▸ MATERIAL FOR THE TASK

# # # # # # #

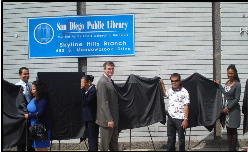
Photo Gallery | New Skyline Hills Library winning Design unveiling
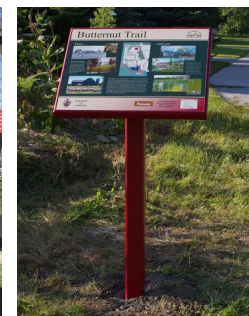
Example Interpretive Sign
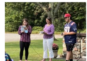
Common Cathedral Service
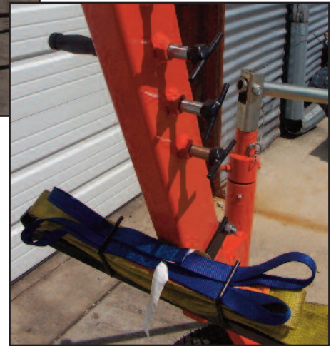
Strap Attachment Bolts Lifting & Main Load Straps
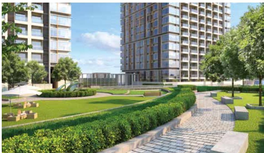
Premium living environment at The Arch Suites 天峻居住环境优越

天峻坐落于120,000平方米（130万平方呎）的商业楼面之上，为住户带来购物、餐饮及休闲便利。项目作为成都地铁东大路站上盖物业，住户可乘搭成都地铁二号线前往市内各主要区域，待在建中的八号线通车后，更可在该换乘，尽享配套完善的都会生活。
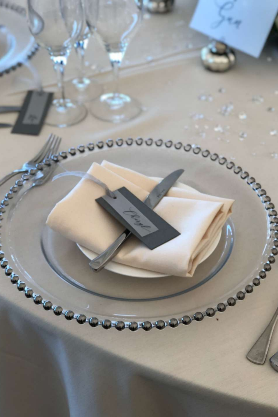
Silver beaded- glass
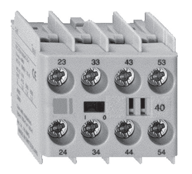
CS8 front mount auxiliaries are positive guidance

Despite increasing complexity, control systems and installations must become increasingly compact. And the CS8 Miniature Relay System packs maximum performance into minimum space.
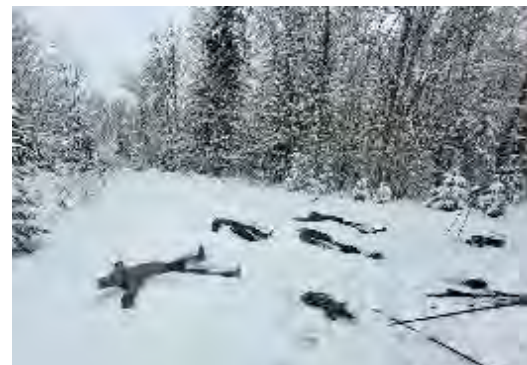
Embracing the snow with snow angels

River. Starting off, we were happy to see that others had preceded us through the soft snow, but they turned right after a mile, and so we broke tracks the remaining two miles down to the bridge. Along the way we had some lovely descents through the beautiful forest. The Hudson River, partially covered in ice, provided a backdrop for our lunch, and then we climbed the hills on the way back. A highlight of our day was the obligatory stop for snow angels in a trailside clearing, led by Gail! All agreed it was a wonderful day's ski. ~ Matt Schwab
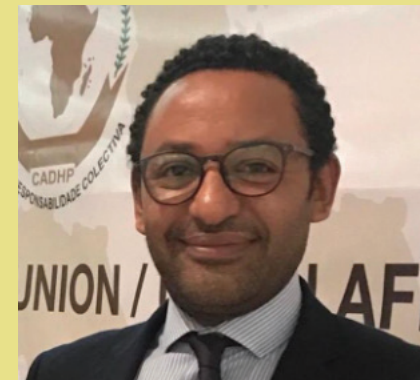
Solomon Ayele Derso, PhD, Chairperson of the African Commission on Human and Peoples' Rights and Focal Person on Transitional Justice for the Commission

Given the focus of this conference on transitional justice in peace processes, my address will accordingly focus on the issues that affect the negotiation of transitional justice in peace processes.
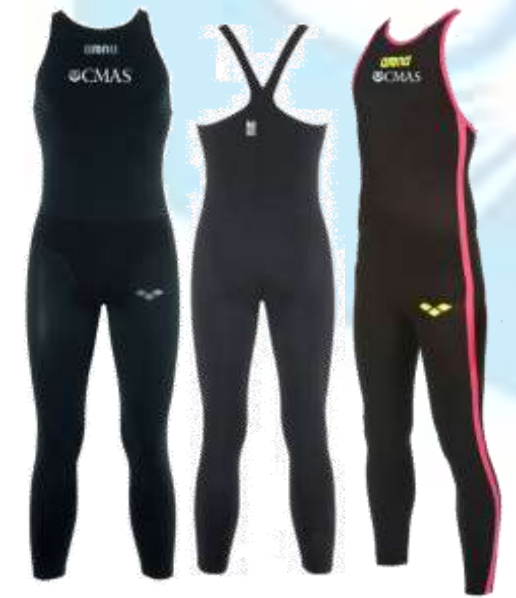
Evo + for\ Man
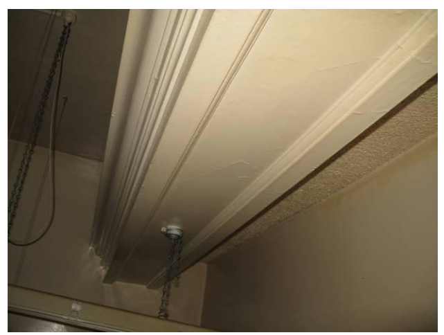
Cornice detail to auditorium ceiling adjacent to north wall.
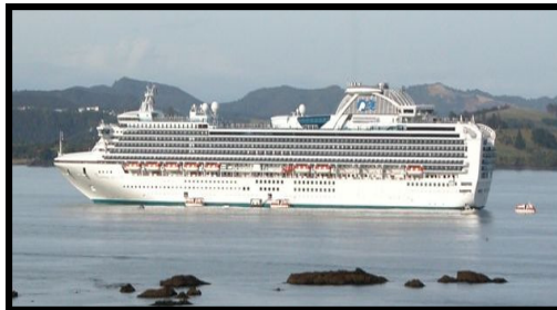
Above: A Cruise Ship in the Bay of Islands.

We have a lot to look forward to in the coming months regarding events happening in the Far North area, due to the Rugby World Cup 2011.
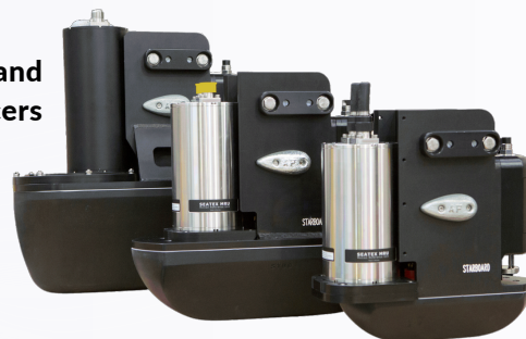
125 kHz, 250 kHz and 500 kHz transducers
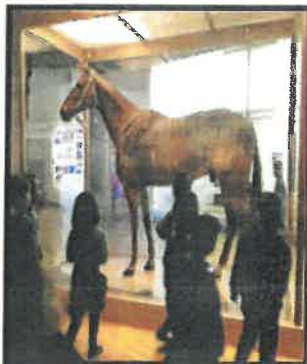
Grade 2 Excursion to the Museum

Watch this space for further information.
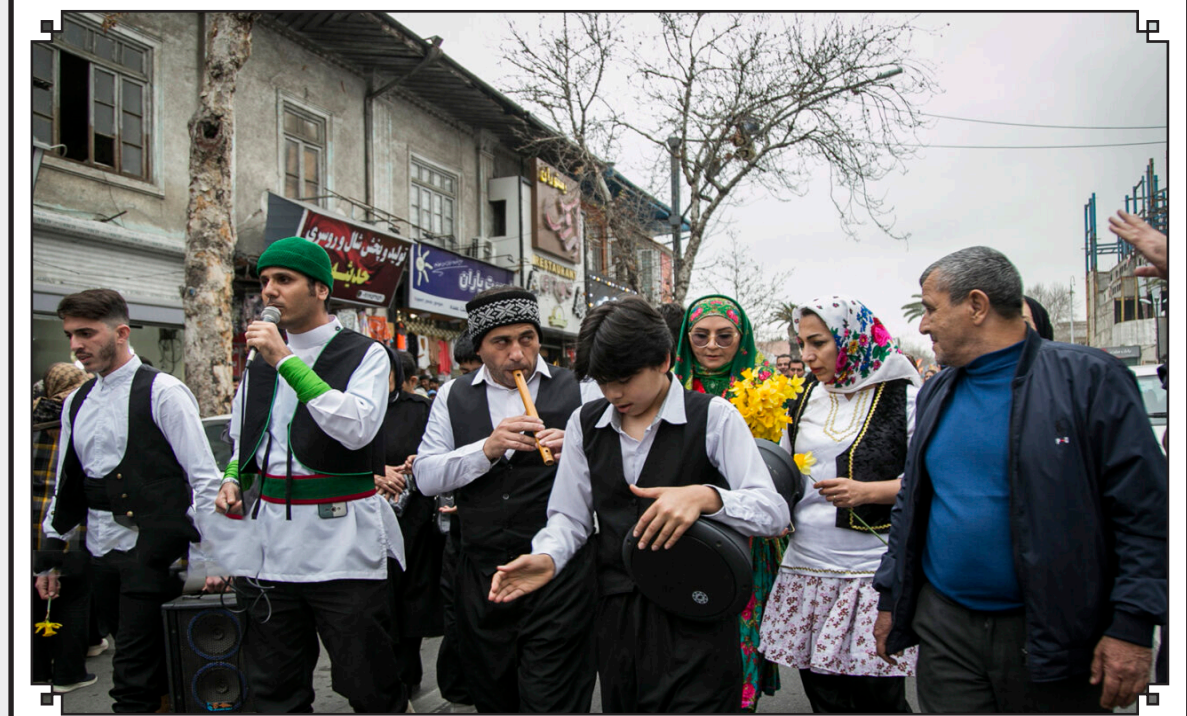
Nowruz Khani or singing for Nowruz is a tradition in which people in northern Iran, including Golestan province, go at the door of their neighbors and sing songs about the impending coming of the spring.
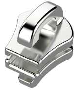
KOBO DOUBLE BRIDGE
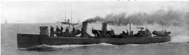
Torpedo Boat USS MacKenzie ca 1899.

Photo # NH 102746 USS MacKenzie steaming at high speed, 1899
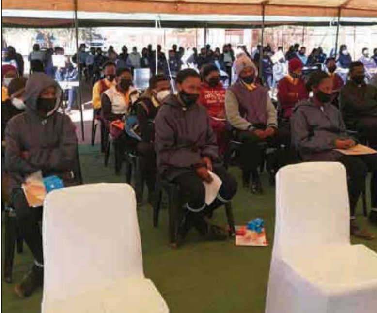
Mampotjane, Mamagogo and Phasoane Secondary Schools within Lepelle-Nkumpi 2 Circuit.

ZEBEDIELA Ga-Seloane Traditional Authority in partnership with Capricorn District Municipality hosted a career information sharing session at Ga-Seloane recently.
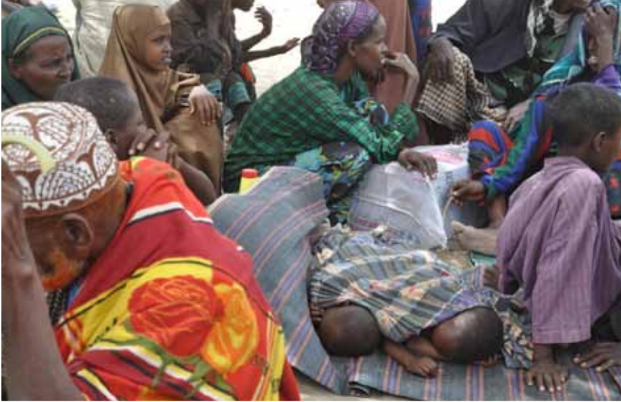
The prevailing drought and famine in north-eastern Kenya has driven communities from as far as Wajir to the outskirts of Dadaab. Asylum seekers from Somalia are also in desperate need of transportation and medical assistance

The International Organization for Migration (IOM) on 28 August 2011 started initiatives to assist indigenous communities in Dadaab to access basic needs in the aftermath of the drought that has hit the Horn of Africa.
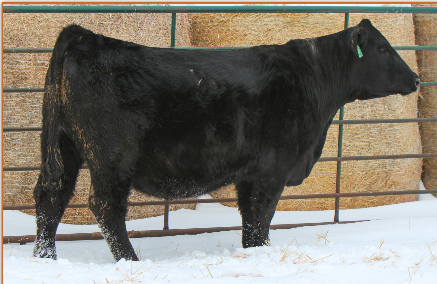
LOT 50 • TT MS PTO 063H

The ELITE 8 is an opportunity to own our best. We again have selected some our top female prospects for you. We will retain the right of one flush on each of these females. We could not let this quality of females go without this opportunity to maintain their genetics. Take some time and analyze these elite females.
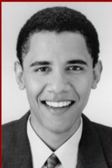
Senator, 13th District BARACK OBAMA, D - Chicago

Springfield: 105b Capitol Bldg., 62706; (217) 782-5338; Fax (217) 782-5340
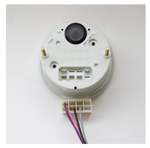
Electric Speedo with lower row terminals
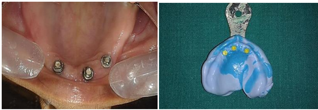
Fig 9: Healing phase 6 weeks after surgical phase Fig 10: Impression taken by double mix single impression technique
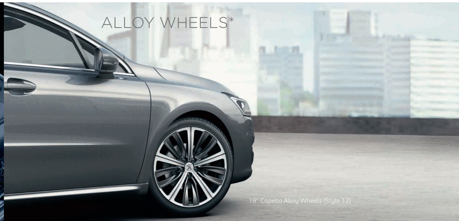
19" Capella Alloy Wheels (Style 12)
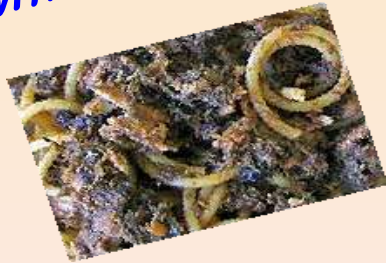
Pasta with fennel and sardines
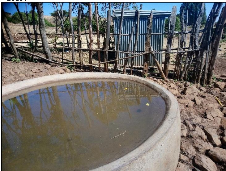
Cattle through for the animals.

The community, led by the WASHCO, applied this project from Yilmana Densa Woreda Water Office in 2006. The application was approved and WASHCO members were trained in construction management. The construction started in February 2007 and project was completed in one-month time by March 20, 2007 (12 years ago). The water supply was constructed using CMP approach. This means that the community was managing the entire
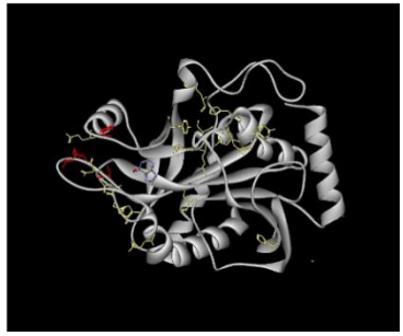
Figure 2: Ribbon representation of the homology modelled three dimensional of BHPNP1 structure Modelling of the BHPNP1 structure was performed using the bovine structure 1VFN6 as a template. The monomeric subunit was modelled along with the substrate, hypoxanthine using Accelrys Discovery Studio 2.0.
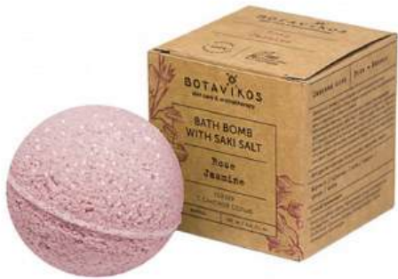
Kraft Bath Bomb Boxes
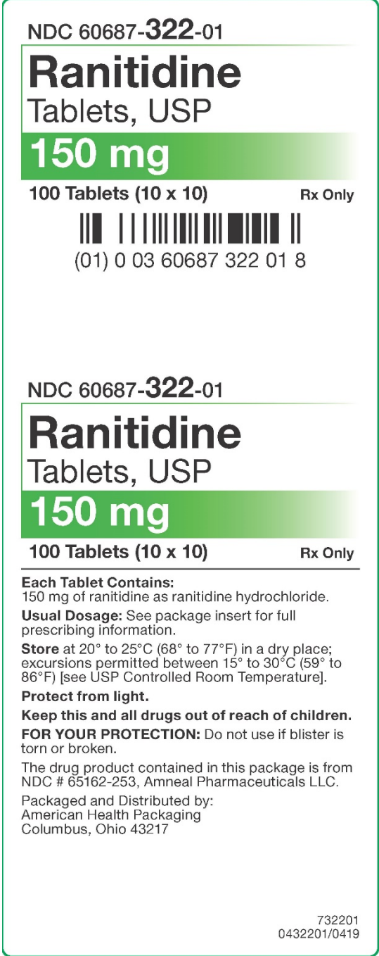
Old Label Style
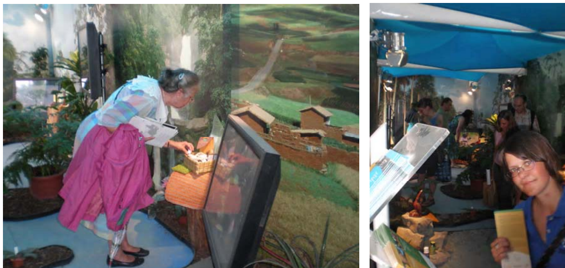
Visitors of the Sala Andes - Amazonia Bonn, Germany

Visitors of the Stand Sala Andes - Amazonia, had a unique experience with the natural beauties of both regions while learning about promissory biodiversity species and products.
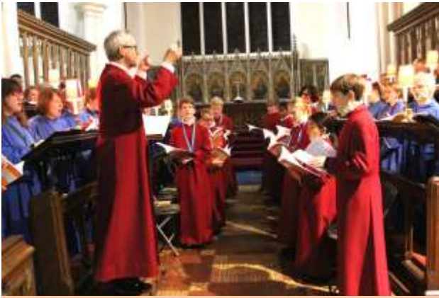
St Mary's, Saffron Walden choir
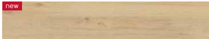
Cambridge LLP113 (Series Three) pg 22
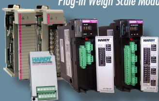
Allen-Bradley® Compatible Plug-in Weigh Scale Modules

Controllers, Weigh Modules, Transmitters
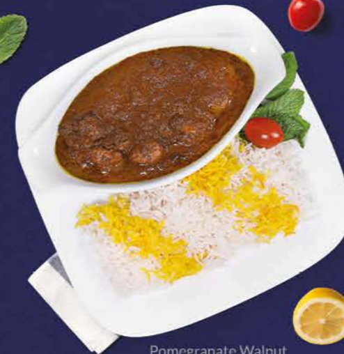
Pomegranate Walnut Stew (Fesenjoon)

(Ghormeh Sabzi) Petit veal brochette with fresh herbs, beans and dried lime served with rice
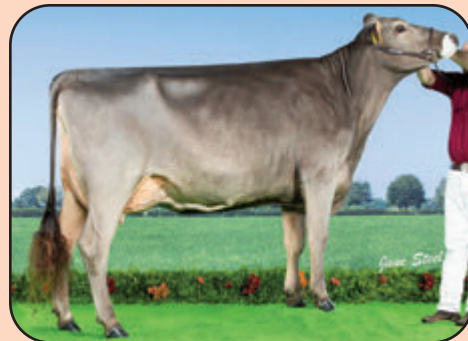
KEDAR RHAPPILLY EVER AFTER 'VG88' 2yr UK Dairy Day Champion 2024 Agriscot & National Junior Champion All Britain Winner - Mat Sister to Donor Dam
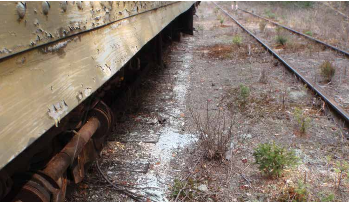
The pictures above show flaking paint ships and a deteriorated rail car stored by Iowa Pacific Railroad along the siding track on the Sanford Lake Railway in a section that is 75 feet, or closer, to the Boreas River and within the Vanderwhacker Mountain Wild Forest Area in Essex County. This is a location where Iowa Pacific has stated it would like to store used DOT 111 oil tanker rail cars.
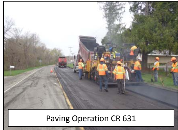
Paving Operation CR 631
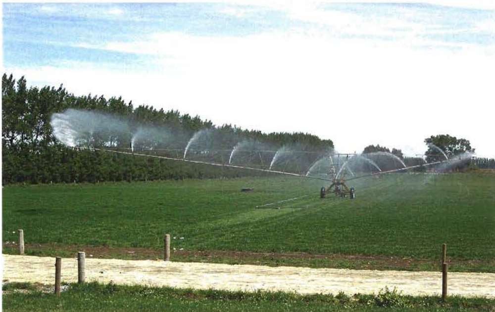
Figure 3.1: Rotorainer Irrigator

This would apply 50 mm of water every 14 days .This would require daily shifts to irrigate 100m wide strips up to 600m long and requires medium water pressure to operate.
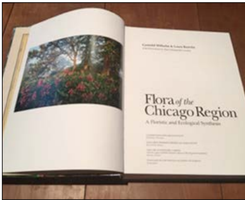
Flora of the Chicago Region: A Floristic and Ecological Synthesis will be available for purchase in mid April at indianaacademyofscience.org . The book will also be available late April at the Morton Arboretum bookstore.

these books were designed in to add to their usefulness.

# # # # # # #

In the data above, start at the line holding "KOBO DOUBLE BRIDGE" and stop after the line holding "The prevailing drought"; write out those lines exactly, without pictures.

▸ ANSWER BOX
KOBO DOUBLE BRIDGE
Torpedo Boat USS MacKenzie ca 1899.

Photo # NH 102746 USS MacKenzie steaming at high speed, 1899
Mampotjane, Mamagogo and Phasoane Secondary Schools within Lepelle-Nkumpi 2 Circuit.

ZEBEDIELA Ga-Seloane Traditional Authority in partnership with Capricorn District Municipality hosted a career information sharing session at Ga-Seloane recently.
The prevailing drought and famine in north-eastern Kenya has driven communities from as far as Wajir to the outskirts of Dadaab. Asylum seekers from Somalia are also in desperate need of transportation and medical assistance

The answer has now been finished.